The skirt of Las Vegas, Nevada, is a frictional zone scrubbed with busted tortoise shells and Joshua trees that lean toward the sun. High tension power lines intersect at substations and disperse from there into the desert. A buddy and I camped in this liminal space a couple months ago and all night long the sky over Vegas glowed like a fully lit aquarium.
Sunrise was a nuclear blast, not a single cloud to stop it. Mountain shadows floated away and the city in its basin filled with brassy November light. The same light landed on this outer edge where my friend and I had slept at the foot of a range past the last construction port-a-potties and banners announcing grand openings of new subdivisions. I sat up in a sleeping bag next to my bicycle, gear gathered around me like an island. Biologists speak in terms of transition zones called ecotones, where dissimilar biological communities meet. This was an ecotone of the city and the wilderness beyond, the ground a matrix of bottle caps, bullet casings, and Mojave Desert scree.

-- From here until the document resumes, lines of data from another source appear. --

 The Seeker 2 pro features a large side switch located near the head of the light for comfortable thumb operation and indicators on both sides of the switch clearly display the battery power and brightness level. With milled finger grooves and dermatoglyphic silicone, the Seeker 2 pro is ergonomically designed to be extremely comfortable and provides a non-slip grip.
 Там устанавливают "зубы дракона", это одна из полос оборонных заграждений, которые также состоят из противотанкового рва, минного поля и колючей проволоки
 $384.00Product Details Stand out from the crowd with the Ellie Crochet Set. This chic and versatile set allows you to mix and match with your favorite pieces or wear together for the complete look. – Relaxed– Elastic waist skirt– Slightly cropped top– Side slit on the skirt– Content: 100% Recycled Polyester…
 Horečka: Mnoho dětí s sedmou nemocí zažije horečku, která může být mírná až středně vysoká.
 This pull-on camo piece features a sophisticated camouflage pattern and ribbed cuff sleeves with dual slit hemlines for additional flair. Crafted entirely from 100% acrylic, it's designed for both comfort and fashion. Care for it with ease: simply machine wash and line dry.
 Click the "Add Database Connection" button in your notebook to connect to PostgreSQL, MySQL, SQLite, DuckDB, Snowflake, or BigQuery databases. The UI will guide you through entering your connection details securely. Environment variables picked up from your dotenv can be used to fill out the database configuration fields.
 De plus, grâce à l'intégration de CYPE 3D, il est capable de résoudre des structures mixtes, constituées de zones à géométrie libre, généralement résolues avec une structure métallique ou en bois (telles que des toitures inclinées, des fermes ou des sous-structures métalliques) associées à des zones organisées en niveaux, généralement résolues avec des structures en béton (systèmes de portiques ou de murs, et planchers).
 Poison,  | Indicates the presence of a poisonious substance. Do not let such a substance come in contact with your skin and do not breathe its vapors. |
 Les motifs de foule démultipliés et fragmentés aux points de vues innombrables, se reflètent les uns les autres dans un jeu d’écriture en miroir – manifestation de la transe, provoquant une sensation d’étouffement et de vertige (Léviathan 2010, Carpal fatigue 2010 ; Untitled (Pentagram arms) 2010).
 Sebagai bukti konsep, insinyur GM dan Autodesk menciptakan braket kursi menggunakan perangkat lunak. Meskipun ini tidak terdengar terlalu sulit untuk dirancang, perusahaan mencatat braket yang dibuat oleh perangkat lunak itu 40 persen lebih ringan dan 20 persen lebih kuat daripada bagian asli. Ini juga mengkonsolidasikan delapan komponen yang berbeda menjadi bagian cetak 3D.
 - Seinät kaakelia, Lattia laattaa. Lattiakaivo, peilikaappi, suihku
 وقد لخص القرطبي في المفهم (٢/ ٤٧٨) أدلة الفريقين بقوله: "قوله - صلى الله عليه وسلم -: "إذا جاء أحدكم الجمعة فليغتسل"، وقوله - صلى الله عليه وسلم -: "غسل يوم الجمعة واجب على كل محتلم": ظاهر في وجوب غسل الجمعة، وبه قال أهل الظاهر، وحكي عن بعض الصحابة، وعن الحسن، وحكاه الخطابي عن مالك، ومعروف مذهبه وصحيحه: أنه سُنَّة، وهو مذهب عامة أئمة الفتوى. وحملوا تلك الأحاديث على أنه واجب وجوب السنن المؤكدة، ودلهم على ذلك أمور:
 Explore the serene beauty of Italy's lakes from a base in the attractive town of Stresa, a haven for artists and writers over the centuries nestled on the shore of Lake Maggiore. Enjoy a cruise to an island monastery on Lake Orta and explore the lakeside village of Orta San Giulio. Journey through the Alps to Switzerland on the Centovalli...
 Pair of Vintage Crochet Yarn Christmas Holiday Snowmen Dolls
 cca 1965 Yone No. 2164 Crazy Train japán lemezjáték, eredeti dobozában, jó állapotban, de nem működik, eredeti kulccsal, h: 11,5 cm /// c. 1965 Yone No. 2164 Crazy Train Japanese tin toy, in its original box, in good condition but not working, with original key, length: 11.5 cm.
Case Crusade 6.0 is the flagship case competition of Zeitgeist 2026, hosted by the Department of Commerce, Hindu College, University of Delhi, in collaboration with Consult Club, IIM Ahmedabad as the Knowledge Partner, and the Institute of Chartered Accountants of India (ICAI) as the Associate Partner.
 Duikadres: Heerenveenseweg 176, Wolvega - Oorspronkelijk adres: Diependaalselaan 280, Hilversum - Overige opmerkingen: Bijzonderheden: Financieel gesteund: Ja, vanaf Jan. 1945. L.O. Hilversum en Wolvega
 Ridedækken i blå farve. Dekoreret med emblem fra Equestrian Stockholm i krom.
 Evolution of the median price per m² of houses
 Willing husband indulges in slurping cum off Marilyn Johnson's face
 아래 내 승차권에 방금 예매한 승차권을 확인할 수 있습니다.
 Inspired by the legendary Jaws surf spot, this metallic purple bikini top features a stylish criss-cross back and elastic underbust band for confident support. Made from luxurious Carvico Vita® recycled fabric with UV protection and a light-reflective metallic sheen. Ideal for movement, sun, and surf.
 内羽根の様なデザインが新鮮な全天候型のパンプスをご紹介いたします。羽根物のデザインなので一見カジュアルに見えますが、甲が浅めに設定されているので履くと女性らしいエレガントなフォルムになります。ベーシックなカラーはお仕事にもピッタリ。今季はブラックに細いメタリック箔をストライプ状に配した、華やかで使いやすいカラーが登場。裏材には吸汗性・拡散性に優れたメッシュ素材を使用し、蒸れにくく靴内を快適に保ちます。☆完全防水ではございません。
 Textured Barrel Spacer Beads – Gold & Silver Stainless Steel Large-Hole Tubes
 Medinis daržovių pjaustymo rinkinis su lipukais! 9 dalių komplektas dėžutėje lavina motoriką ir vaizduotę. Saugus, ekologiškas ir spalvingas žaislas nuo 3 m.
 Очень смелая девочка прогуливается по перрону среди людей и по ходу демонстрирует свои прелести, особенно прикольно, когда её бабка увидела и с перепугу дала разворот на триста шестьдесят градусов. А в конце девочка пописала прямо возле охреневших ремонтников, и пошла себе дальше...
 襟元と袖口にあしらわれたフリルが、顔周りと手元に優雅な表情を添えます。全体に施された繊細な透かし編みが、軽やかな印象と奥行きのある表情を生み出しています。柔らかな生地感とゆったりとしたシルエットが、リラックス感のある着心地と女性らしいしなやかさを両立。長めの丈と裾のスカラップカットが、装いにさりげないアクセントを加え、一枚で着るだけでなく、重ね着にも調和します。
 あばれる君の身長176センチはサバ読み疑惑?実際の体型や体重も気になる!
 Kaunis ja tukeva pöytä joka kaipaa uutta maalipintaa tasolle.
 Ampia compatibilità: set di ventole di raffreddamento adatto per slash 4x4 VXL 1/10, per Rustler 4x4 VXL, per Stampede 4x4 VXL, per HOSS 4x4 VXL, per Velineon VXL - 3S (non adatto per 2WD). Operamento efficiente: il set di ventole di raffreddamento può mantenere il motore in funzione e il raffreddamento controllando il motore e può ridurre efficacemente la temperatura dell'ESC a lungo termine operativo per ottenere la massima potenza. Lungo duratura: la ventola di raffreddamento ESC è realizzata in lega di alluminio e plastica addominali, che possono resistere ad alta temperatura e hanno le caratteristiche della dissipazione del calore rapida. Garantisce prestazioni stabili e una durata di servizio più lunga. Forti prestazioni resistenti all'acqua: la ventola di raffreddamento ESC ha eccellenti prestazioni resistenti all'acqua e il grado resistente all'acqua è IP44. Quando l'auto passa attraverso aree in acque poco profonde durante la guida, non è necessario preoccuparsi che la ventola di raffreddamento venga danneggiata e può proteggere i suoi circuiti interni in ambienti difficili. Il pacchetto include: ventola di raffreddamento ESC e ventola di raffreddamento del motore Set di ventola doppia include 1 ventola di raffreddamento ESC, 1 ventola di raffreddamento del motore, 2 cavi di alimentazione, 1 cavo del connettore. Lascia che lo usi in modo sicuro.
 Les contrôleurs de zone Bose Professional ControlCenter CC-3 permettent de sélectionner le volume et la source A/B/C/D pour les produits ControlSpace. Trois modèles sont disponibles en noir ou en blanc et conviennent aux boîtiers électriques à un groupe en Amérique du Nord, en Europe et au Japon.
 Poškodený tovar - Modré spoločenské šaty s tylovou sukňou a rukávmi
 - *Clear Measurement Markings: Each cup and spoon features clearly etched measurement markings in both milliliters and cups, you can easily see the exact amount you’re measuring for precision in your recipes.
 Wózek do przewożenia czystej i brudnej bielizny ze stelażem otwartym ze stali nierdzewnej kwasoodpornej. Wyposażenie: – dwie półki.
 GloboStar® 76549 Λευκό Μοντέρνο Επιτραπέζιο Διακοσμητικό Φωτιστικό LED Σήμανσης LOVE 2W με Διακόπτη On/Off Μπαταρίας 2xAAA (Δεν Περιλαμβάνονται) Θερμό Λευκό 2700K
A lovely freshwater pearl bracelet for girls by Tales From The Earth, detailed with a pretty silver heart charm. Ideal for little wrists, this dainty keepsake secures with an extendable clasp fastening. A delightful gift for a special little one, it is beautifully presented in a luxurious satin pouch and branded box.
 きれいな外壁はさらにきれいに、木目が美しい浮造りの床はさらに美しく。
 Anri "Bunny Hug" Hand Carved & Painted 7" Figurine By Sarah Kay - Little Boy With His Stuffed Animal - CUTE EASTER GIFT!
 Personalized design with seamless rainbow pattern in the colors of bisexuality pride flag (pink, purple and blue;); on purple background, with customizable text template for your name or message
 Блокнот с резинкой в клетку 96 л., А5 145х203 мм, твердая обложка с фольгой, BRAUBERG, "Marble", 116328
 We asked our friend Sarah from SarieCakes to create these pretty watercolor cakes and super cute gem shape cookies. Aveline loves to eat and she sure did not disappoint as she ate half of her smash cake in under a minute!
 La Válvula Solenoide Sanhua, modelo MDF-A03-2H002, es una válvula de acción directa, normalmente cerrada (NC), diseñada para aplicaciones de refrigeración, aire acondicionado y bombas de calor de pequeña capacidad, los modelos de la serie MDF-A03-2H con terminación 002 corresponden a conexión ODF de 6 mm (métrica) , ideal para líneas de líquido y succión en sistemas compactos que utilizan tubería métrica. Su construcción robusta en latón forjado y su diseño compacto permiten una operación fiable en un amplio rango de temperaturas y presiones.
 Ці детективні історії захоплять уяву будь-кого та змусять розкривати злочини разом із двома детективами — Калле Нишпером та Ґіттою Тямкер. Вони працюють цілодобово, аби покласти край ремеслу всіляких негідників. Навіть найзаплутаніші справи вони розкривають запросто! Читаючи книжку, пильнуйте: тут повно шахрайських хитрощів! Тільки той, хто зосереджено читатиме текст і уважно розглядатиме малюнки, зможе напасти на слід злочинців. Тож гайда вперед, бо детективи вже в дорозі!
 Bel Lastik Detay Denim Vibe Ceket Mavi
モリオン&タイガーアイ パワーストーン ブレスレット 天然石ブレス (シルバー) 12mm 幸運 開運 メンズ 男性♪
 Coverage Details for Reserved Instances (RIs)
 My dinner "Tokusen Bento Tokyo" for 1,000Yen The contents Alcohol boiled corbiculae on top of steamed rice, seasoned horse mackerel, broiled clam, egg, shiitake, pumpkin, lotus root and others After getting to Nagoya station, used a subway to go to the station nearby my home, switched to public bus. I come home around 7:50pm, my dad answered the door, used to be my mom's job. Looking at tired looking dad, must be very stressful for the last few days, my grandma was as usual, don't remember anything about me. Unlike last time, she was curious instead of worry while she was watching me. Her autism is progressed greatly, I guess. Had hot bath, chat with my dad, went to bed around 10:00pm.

In a chill morning breeze we packed camp onto our bikes a hundred yards behind a pair of green municipal water tanks. Departing the city to get away from its dominating lights, we were on a trek which would take us more than 200 miles to reach full darkness. At 150 miles, Vegas would still be casting a shadow. The next nine days would be 4×4 wilderness where we’d bum drinking water off a Jeep caravan and sleep in growing dark. This morning was our last full breath of the city.